Working on virtual reality games is a strange balance between high tech and low tech - running on mobile chips, the hardware limitations are everything. On the other hand, animation is a notoriously expensive process - so to create a game with hundreds of creatures moving around on screen at once, you have to approach things a little differently...
For Nalu, a game taking place underwater with various sea creatures, this meant reducing or completely removing skeleton based rigs. With only 8 weeks to create the entire experience, it was my job as producer to make sure our approach was as streamlined as possible - that meant settling on both lightweight and time efficient solutions.
Ditching the Rigs
Taking cues from games like Abzu, the schooling fish were animated using vertex displacement materials. By standardizing the fish UVs to all be oriented with this in mind, a procedural gradient could be coded inside the material to fluctuate on a sin wave, and by blending with with a standardized mask. What this means is a texture map could be used with math calculations within a material, to know how much to push each vertex to create a side to side or up and down movement on certain body parts.
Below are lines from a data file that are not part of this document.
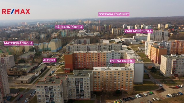 Dobré místo nejen v rámci Havířova - jedná se o úplný okraj sídlištní zástavby a zeleň začíná 50 metrů od domu. Rozsáhlé možnosti sportovních aktivit, ať již na některém z hřišť přímo v rámci sídliště, nebo směrem do přírody. V minutách pěšky vše co k rodinnému životu patří: Mateřská škola i dvě školy základní, Albert a další obchody, rozlehlé lesy v pěším dosahu, cyklostezky, běh, kousek za lesem plavání, prostě aktivity v zeleni atd. atd. Případně na druhé straně města na kole nebo autem velmi dobře dostupná Těrlická a Žermanická přehrada a další rekreační projekty v blízkosti jsou již v plánu města Havířov.
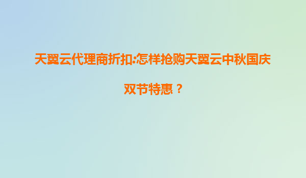 天翼云双节特惠攻略:如何以代理商折扣抢购优质云服务 中秋国庆双节将至,天翼云推出年度重磅特惠活动,此时通过代理商渠道叠加专属折扣,能以超低价格享受企业级云服务。本文将详细介绍抢购技巧,并解析天翼云的...
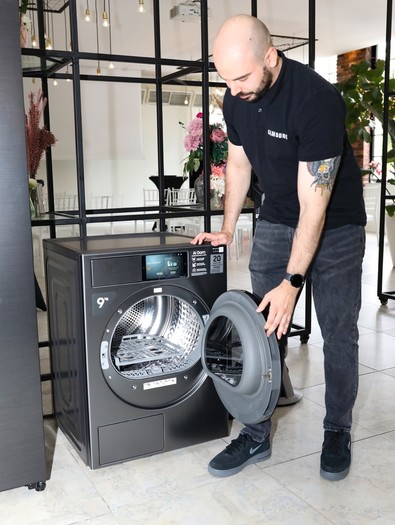 Gostje so imeli priložnost preizkusiti novi Bespoke Jet AI Ultra, najzmogljivejši in najpametnejši Samsung pokončni sesalnik. Z močjo sesanja do 400 W močno olajša delo, napreden način delovanja z umetno inteligenco 2.0 pa omogoča hitro in samodejno prilagajanje različnim površinam in načinu uporabe. Tekoče prehajanje med načini zagotavlja vrhunske rezultate ob maksimalnem udobju. Zasloni so se razširili tudi na druge gospodinjske aparate. Funkcija AI Home na novih Samsung pralnih strojih deluje kot intuitiven upravljalni vmesnik, ki prek zaslona na dotik nudi jasne informacije in enostavno upravljanje. Prilagodi pralne cikle tako, da si zapomni vaše navade, predlaga optimalne programe in po vsakem pranju celo dostavi podrobno poročilo.
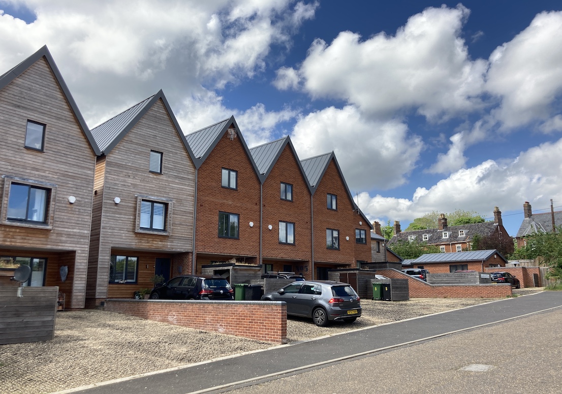 A terrace of houses designed for a dis-used plot of land in Fakenham, Norfolk.
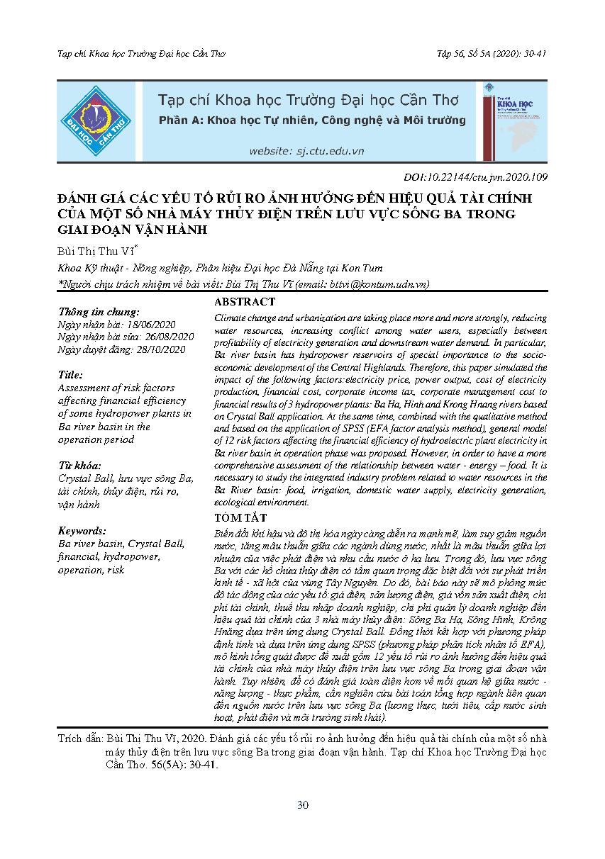 Đánh giá các yếu tố rủi ro ảnh hưởng đến hiệu quả tài chính của một số nhà máy thủy điện trên lưu vực sông Ba trong giai đoạn vận hành = Assessment of risk factors affecting financial efficiency of some hydropower plants in Ba river basin in the operation period
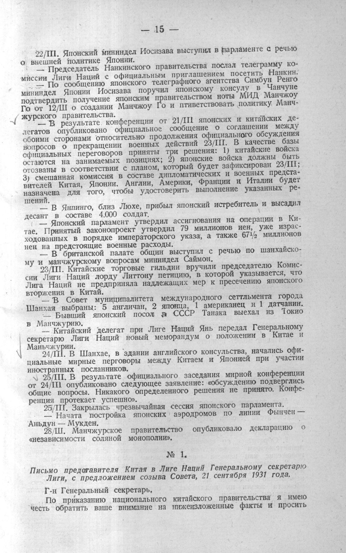 Письмо представителя Китая в Лиге Наций Генеральному секретарю Лиги, с предложением созыва Совета, 21 сентября 1931 года
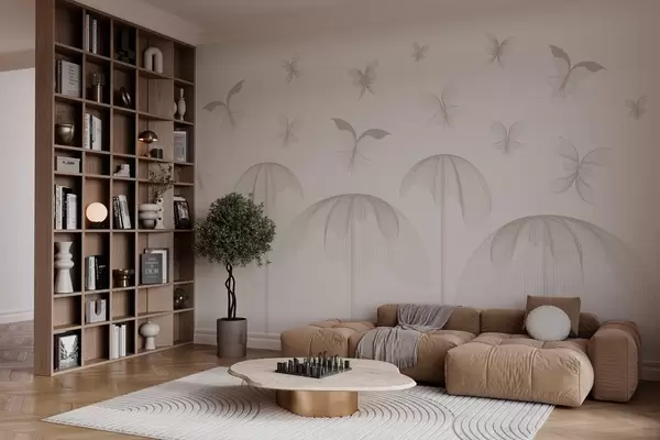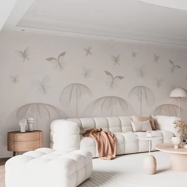Fototapetes minimālisma lineārs tapetes tauriņi un strūklakas uz piena fona Nr. w03762
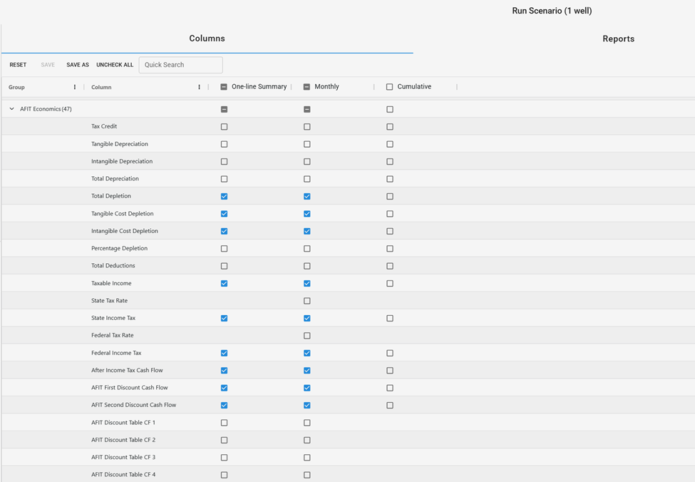 ‘AFIT Economics’ collapsable list within the ‘Columns’ tab. This allows outputs
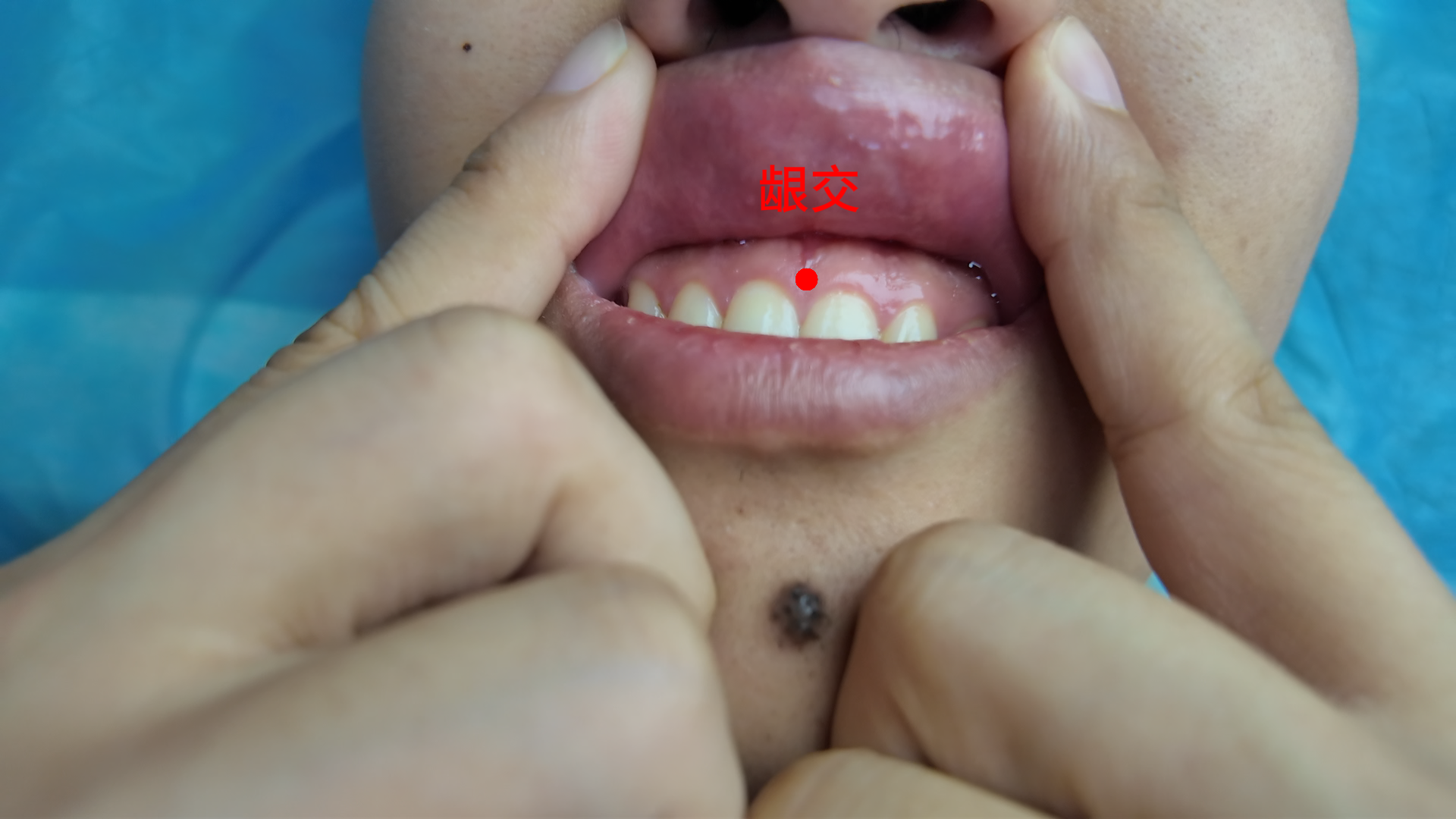 正坐仰头。提起上唇,上唇系带与上牙龈的交点。

Combining this with giving their colored texture atlases, this meant every schooling fish variant was powered by a single material, allowing schools of fish to run with very little performance cost!
This technique worked for the smallest of fish to our largest creature in the game, the blue whale!
When in Doubt, Weightpaint it Out
The Dolphins posed an entirely different problem - unlike the fish, we wanted to include the ability for the dolphins to interact in a more controlled manner, while not taxing the. system too much. The initial rig had around 30 bones, but I knew we could do better - instead of relying on IK to power fluid movement, I recreated our rig to have only 9. Using carefully planned weight paints, I achieved the same range of motion - while requiring less work to animate as a bonus!